Typically, junior creditors have argued that secured creditors should be required to make funds available from the proceeds of their collateral to pay administrative costs and for the benefit of unsecured creditors as the price for using Chapter 11 to liquidate the secured creditors’ collateral. This argument has received little support from most courts. In particular, Delaware courts, which oversee a disproportionate share of the nation’s bankruptcies, particularly larger ones, appear willing to let secured creditors utilize the bankruptcy process for their own benefit without regard to the claims of other creditors. While courts will generally require a secured creditor to carve out funds from the proceeds of its collateral to pay lawyers and advisors for the debtor and the unsecured creditors committee, they generally won’t require more. Worse for unsecured creditors, courts sometimes allow secured creditors to get liens on the anticipated proceeds from lawsuits to recover prepetition preference payments, proceeds that are usually reserved for unsecured creditors in exchange for bankrolling the cost of the lawyers for the debtor and the unsecured creditors committee.  

Even some unsecured creditors that are given special statutory priority are not faring well.
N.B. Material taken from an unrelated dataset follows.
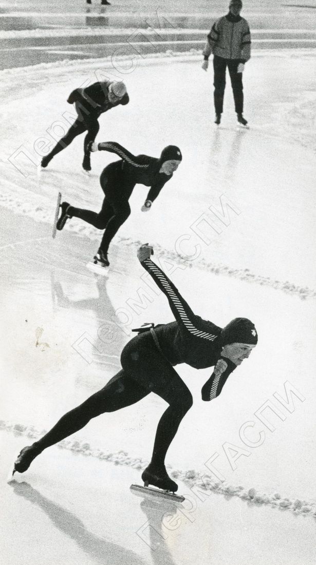 На переднем плане чемпионка Спартакиады на дистанции 500 м. ленинградка Т. Денисова. IX зимняя Спартакиада народов РСФСР
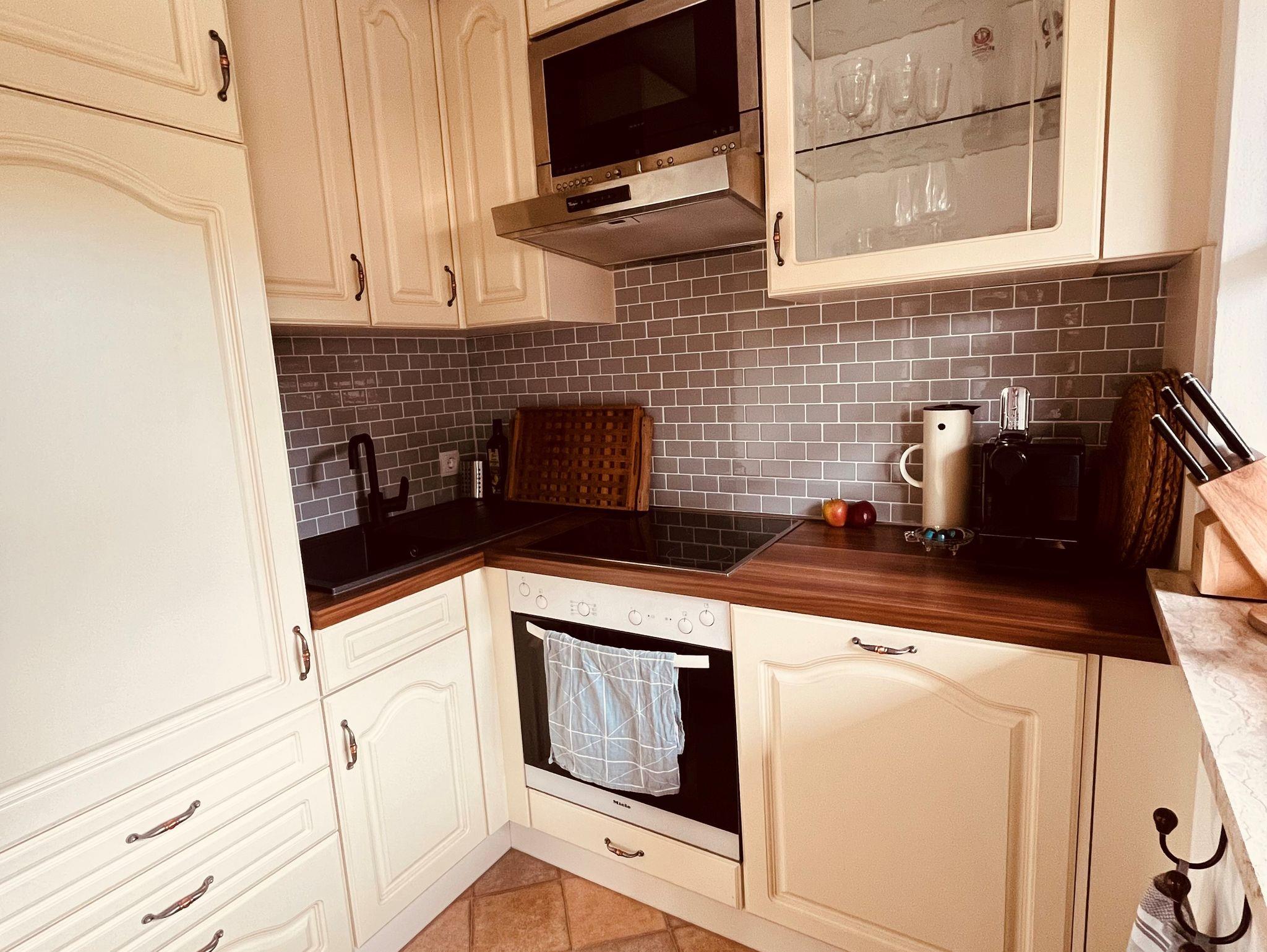 Die Sitzecke im hellen Erker des Wohnzimmers lädt zum Entspannen und Verweilen ein. Eure Mahlzeiten könnet ihr in der separaten, voll ausgestatteten Küche zubereiten, die trotz ihrer Größe keine Wünsche offen lässt.

A few years ago, Congress amended the Bankruptcy Code to give a special administrative priority to those creditors that ship goods to a debtor in the 20 days prior to the debtor’s filing for bankruptcy (“20-Day Creditors”). By so providing, Congress attempted to enhance the likelihood that such claims would be paid, since administrative claims are equal in priority to postpetition claims and rank ahead of general prepetition claims. This priority is valuable if the debtor wants to reorganize, since administrative priority claims must be paid in full before a plan of reorganization can be confirmed. However, when the goal is straight liquidation through a quick sale, 20-Day Creditors have less leverage. Courts have generally not required debtors to pay 20-Day Creditors at the outset of the case, which would force secured creditors to fund these payments or have the case converted to the less advantageous Chapter 7. Courts have similarly refused to require payment of 20-Day Creditors as a prerequisite for authority to conduct a sale of assets to benefit the secured creditors.

Once a customer files for bankruptcy, is there anything that can be done? A supplier of goods or services to the debtor may ask the debtor to designate it as a “critical vendor.” In theory, a critical vendor is one that provides a product or service of such unique value that the debtor could not operate postpetition without it, such as the sole supplier of a particular part used in the debtor’s manufacturing business. In practice, in most jurisdictions, a debtor is given some latitude in the definition of “critical,” and many non-unique providers are identified as well. The debtor will then ask the court for authority to designate these vendors as critical vendors. The debtor will be allowed to pay a designated critical vendor’s claim in full; in exchange, the vendor will be required to do business with the debtor going forward on the vendor’s normal prepetition credit terms. In most cases, this is no hardship at all, for a debtor’s postpetition financing will almost always provide for payment of postpetition purchases. Even if there is a slight credit risk, this is a small sacrifice, given that the prepetition claim will be paid ahead of other creditors of equal or higher priority. Increasingly, though, courts have become reluctant to recognize large numbers of critical vendors in any given case.  

Of course, the best strategy for dealing with insolvent entities is to not become their creditor, or to minimize credit exposure as much as possible. Advance planning is essential.